El escriba responde solo a la primera, aludiendo a dos textos de la Escritura: “Amarás al Señor tu Dios con todo tu corazón y con toda tu alma y con todas tus fuerzas y con toda tu mente [Dt 6, 5], y a tu prójimo como a ti mismo [Lv 19, 18]”. El Maestro lo elogia y le invita a practicar lo ya sabido. Pero el doctor quiere justificarse preguntando quién es su prójimo. La respuesta, una parábola, servirá para esclarecer la segunda pregunta del Maestro: ¿Cómo lees la Escritura? El amor a Dios es incuestionable, pero la práctica del amor al prójimo supone una toma de posición, que, a ojos del doctor, parece que va a ser cuestionada. Aun así, la pregunta está hecha, y el diálogo puede continuar.
Un samaritano
La parábola está perfectamente situada. Un hombre baja de Jerusalén a Jericó y es asaltado por unos bandidos y abandonado medio muerto. Casualmente un sacerdote también bajaba por el mismo camino, y viendo al hombre, evitó acercarse a él, quizá por conservar la pureza legal (cfr. Lv 5, 3; 21, 1). Lo mismo un levita: pasa por ahí, lo ve y tampoco se acerca. Ambos, como volviendo de ejercitar su función sacerdotal en Jerusalén, no son capaces de conjugar el amor al prójimo con el servicio de Dios. Sin embargo, un tercer hombre, considerado despreciable por ser samaritano, al pasar por allí y verlo, “se movió a compasión”, más literalmente “se le movieron las entrañas”. La secuencia de los tres personajes es la misma: pasan por allí y lo ven. Los dos primeros evitan el encuentro, el tercero “se compadece”. Es el mismo verbo que Lucas utiliza cuando Jesús vio a la madre viuda cuyo único hijo llevaban a enterrar. “El Señor la vio y se compadeció de ella” (Lc 7, 13).
Es la palabra clave de la parábola: “compadecerse” (en gr.: splanjnizomai), en claro contraste con “pasó de largo”. El samaritano, del movimiento interior del corazón, pasó a la acción: “se acercó y le vendó las heridas echando en ellas aceite y vino.

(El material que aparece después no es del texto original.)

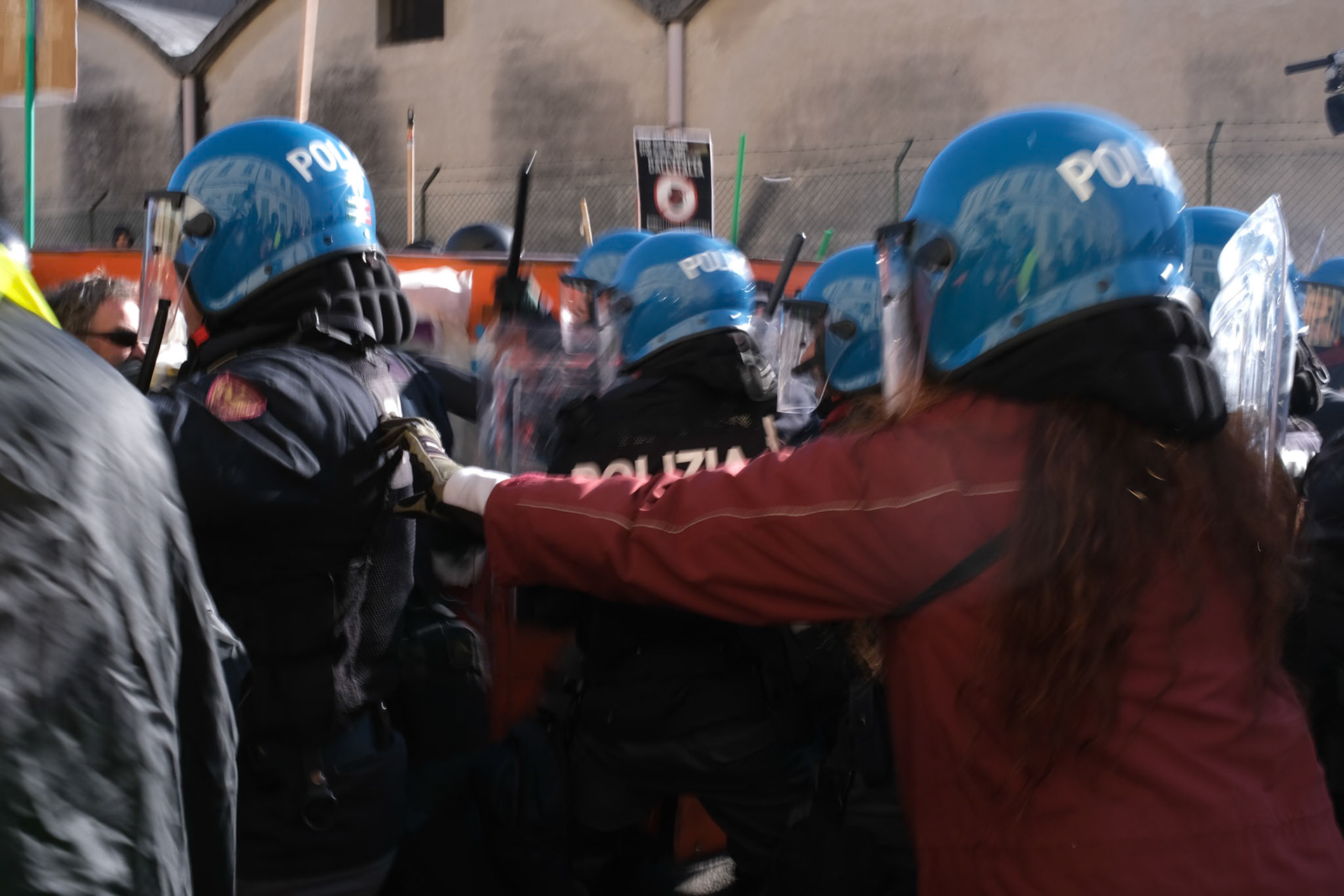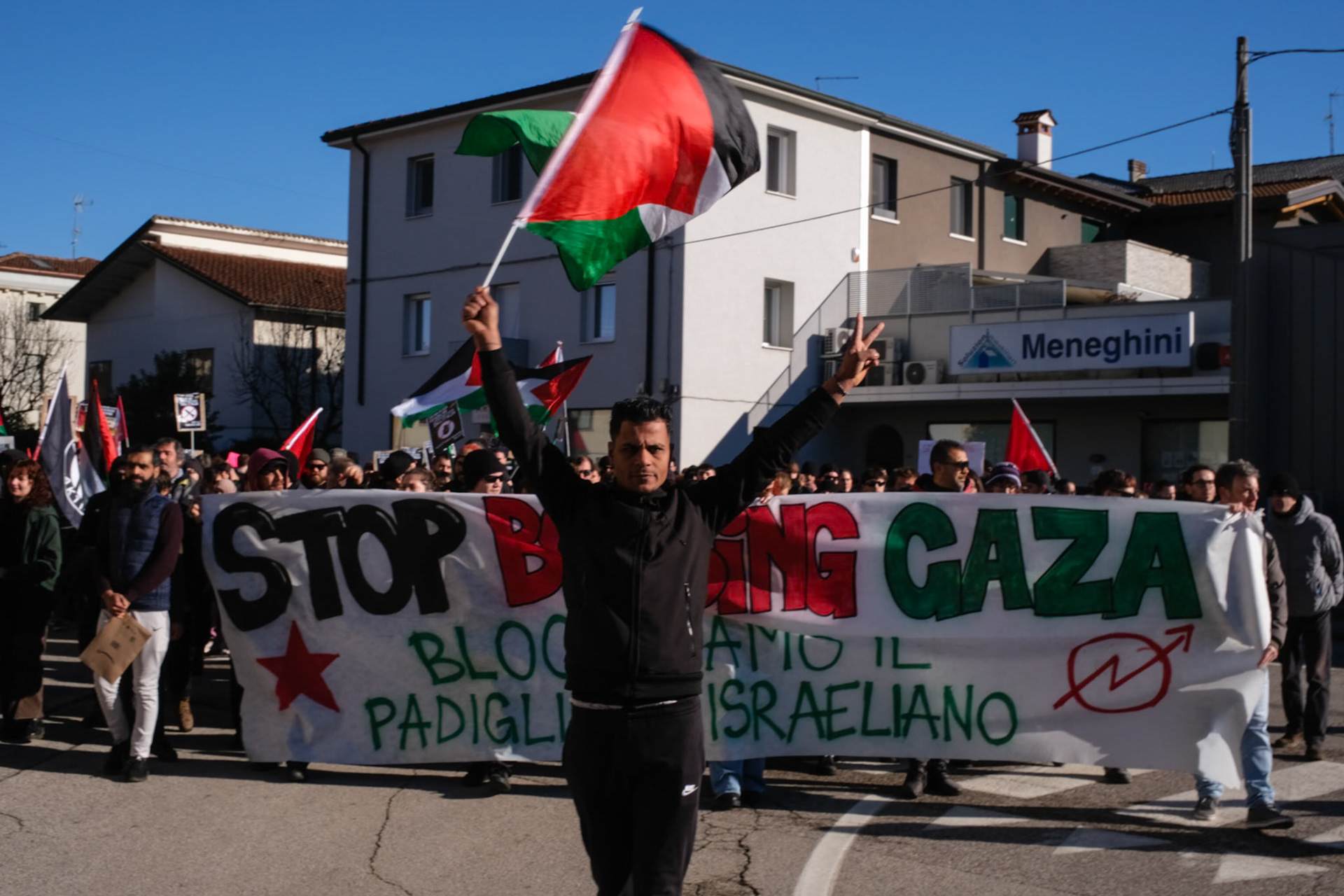 On January 20, 2024, Vicenza hosted one of Italy's most prestigious gold fairs. As every year, the event featured various pavilions of interest, including the Israeli one. This year, however, social centers from the North-East decided to protest against the presence of the State of Israel at the fair, organizing a large demonstration that started from Vicenza's train station. The march eventually deviated from its planned route and headed towards the fair's gates, which had been closed in advance by the police. Despite this, the protesters managed to breach the gates using an angle grinder. A violent clash ensued with the police—a level of violence unseen in Italian demonstrations for years. The protesters were armed with helmets and iron bars, while the police responded with water cannons. The confrontation ended around noon, resulting in several injuries and arrests. Vicenza, 20/01/2024

Lo montó en su propia cabalgadura, lo condujo a la posada y él mismo lo cuidó. Al día siguiente, sacando dos denarios, se los dio al posadero y le dijo: «Cuida de él, y lo que gastes de más te lo daré a mi vuelta»” (Lc 10, 34).
¿Cuál es mi prójimo?
Terminada la parábola, la pregunta de Jesús invierte los términos de la pregunta del doctor. Este quería saber hasta dónde llegaba el precepto del amor al prójimo. ¿Hay límites? ¿Hay personas que están excluidas de ese prójimo? Sin embargo, Jesús le dice: “¿Cuál de los tres te parece que fue el prójimo del que cayó en manos de los salteadores?” (Lc. 10, 36). No se trata de saber quién es mi prójimo, sino de serlo uno mismo con su modo de actuar: moverse a compasión ante el sufrimiento ajeno y hacer lo posible para mitigarlo.
Ante un relato tan claro, el doctor no duda en identificar al que se comportó como prójimo, y responde con la idea clave del texto, esta vez usando una palabra sinónima: “El que tuvo misericordia de él” (Lc 10, 37, en gr.: eleos). Jesús concluye con una respuesta parecida a la primera invitación: “Pues anda, y haz tú lo mismo” (Lc 10, 37). Es fácil imaginarse una sonrisa de Jesús unida a la invitación, viendo que el doctor ha sabido rectificar su inicial actitud.
Con su compasión, Jesús encarna al Dios cuya misericordia es infinita (cfr. Sal 136). Es más, al mostrar al samaritano haciéndose cargo del pobre malherido e invitando al posadero a hacer lo mismo en los días siguientes, Jesús, en su pasión y muerte, encarna la figura del samaritano, tomando sobre sí nuestras enfermedades y cargando con nuestros dolores (cfr. Is 5, 4). Y así los dos mandamientos quedan unidos en la acción: la adhesión amorosa a Dios se refleja en comportarse como prójimo de los demás, teniendo a Jesús por modelo, pues es Él quien se ha hecho prójimo a todos los hombres.